TASK DESCRIPTION »
Here the job is to transcribe the data exactly while omitting the images.

MATERIAL PROVIDED »
####################

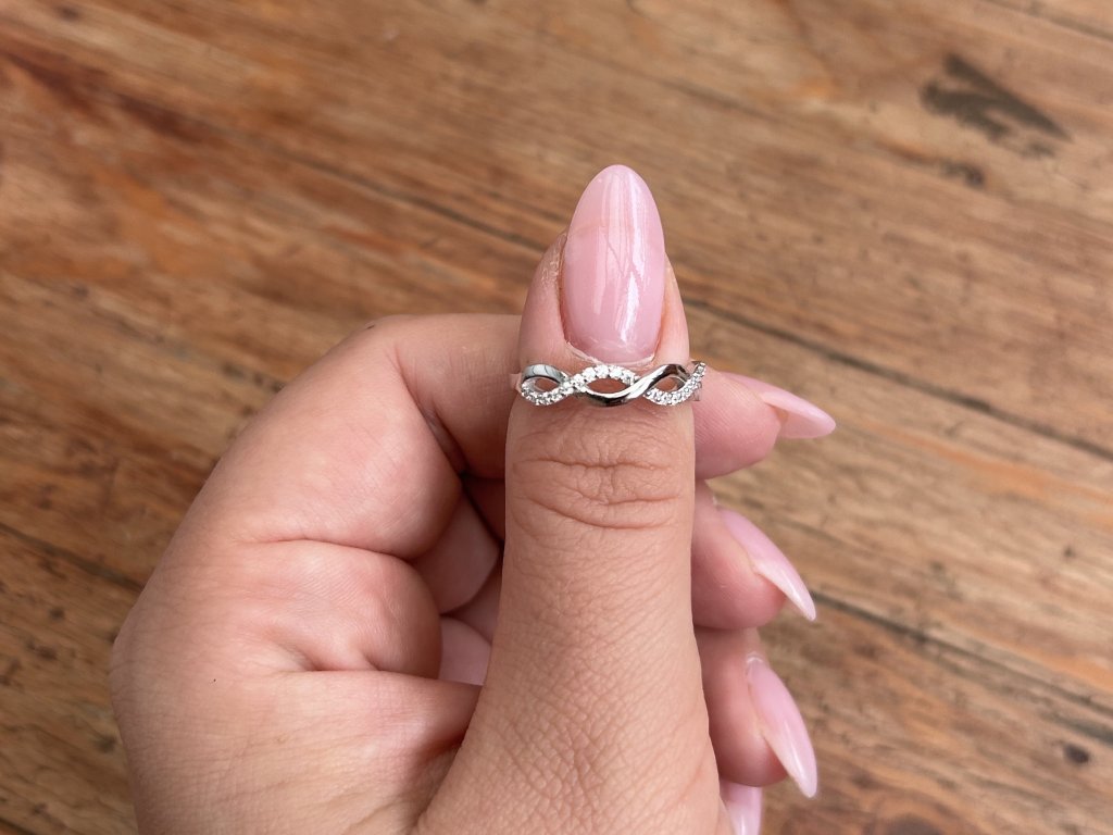 Design: Tento prsten vyniká svým proplétaným vzorem, který symbolizuje propojení a harmonii. Díky zasazeným jemným zirkonům působí elegantně a decentně, přičemž jeho jemné detaily přitahují pozornost a dodávají mu jiskru. Design je univerzální a nadčasový, což z něj dělá ideální doplněk k různým stylům a příležitostem.
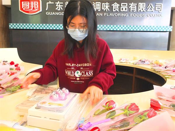 △男同事前来帮忙分发玫瑰花
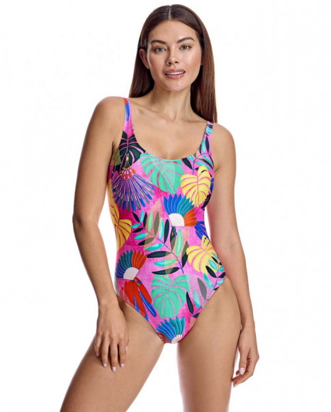 Bañador escote cuadrado estampado floral. Completamente forrado. Disponible en copa C y D. Tejido de vanguardia con un alto poder moldeador, con una alta resistencia al cloro, cremas y aceites bronceadores y excelentes propiedades de absorción de la humedad.
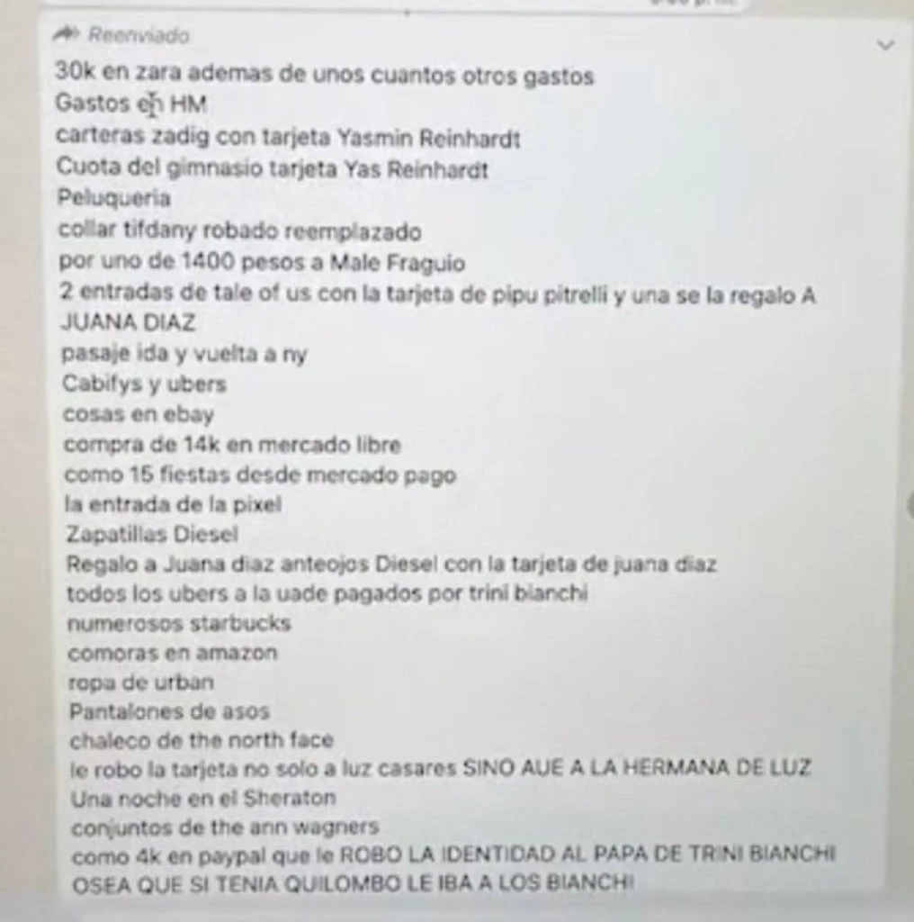 Lo que también apareció y generó una avalancha de reacciones fue la increíble lista de compras y diversos gastos que efectuó "Lola M" en el timo a sus íntimas. Hay para todos los gustos y de todas las formas y colores. Incluso hay situaciones difíciles de clasificar, como un regalo que la chica le hizo a una amiga comprado con la tarjeta de esa misma chica. Increíble, pero real.

####################

ANSWER BELOW »
 Design: Tento prsten vyniká svým proplétaným vzorem, který symbolizuje propojení a harmonii. Díky zasazeným jemným zirkonům působí elegantně a decentně, přičemž jeho jemné detaily přitahují pozornost a dodávají mu jiskru. Design je univerzální a nadčasový, což z něj dělá ideální doplněk k různým stylům a příležitostem.
 △男同事前来帮忙分发玫瑰花
 Bañador escote cuadrado estampado floral. Completamente forrado. Disponible en copa C y D. Tejido de vanguardia con un alto poder moldeador, con una alta resistencia al cloro, cremas y aceites bronceadores y excelentes propiedades de absorción de la humedad.
 Lo que también apareció y generó una avalancha de reacciones fue la increíble lista de compras y diversos gastos que efectuó "Lola M" en el timo a sus íntimas. Hay para todos los gustos y de todas las formas y colores. Incluso hay situaciones difíciles de clasificar, como un regalo que la chica le hizo a una amiga comprado con la tarjeta de esa misma chica. Increíble, pero real.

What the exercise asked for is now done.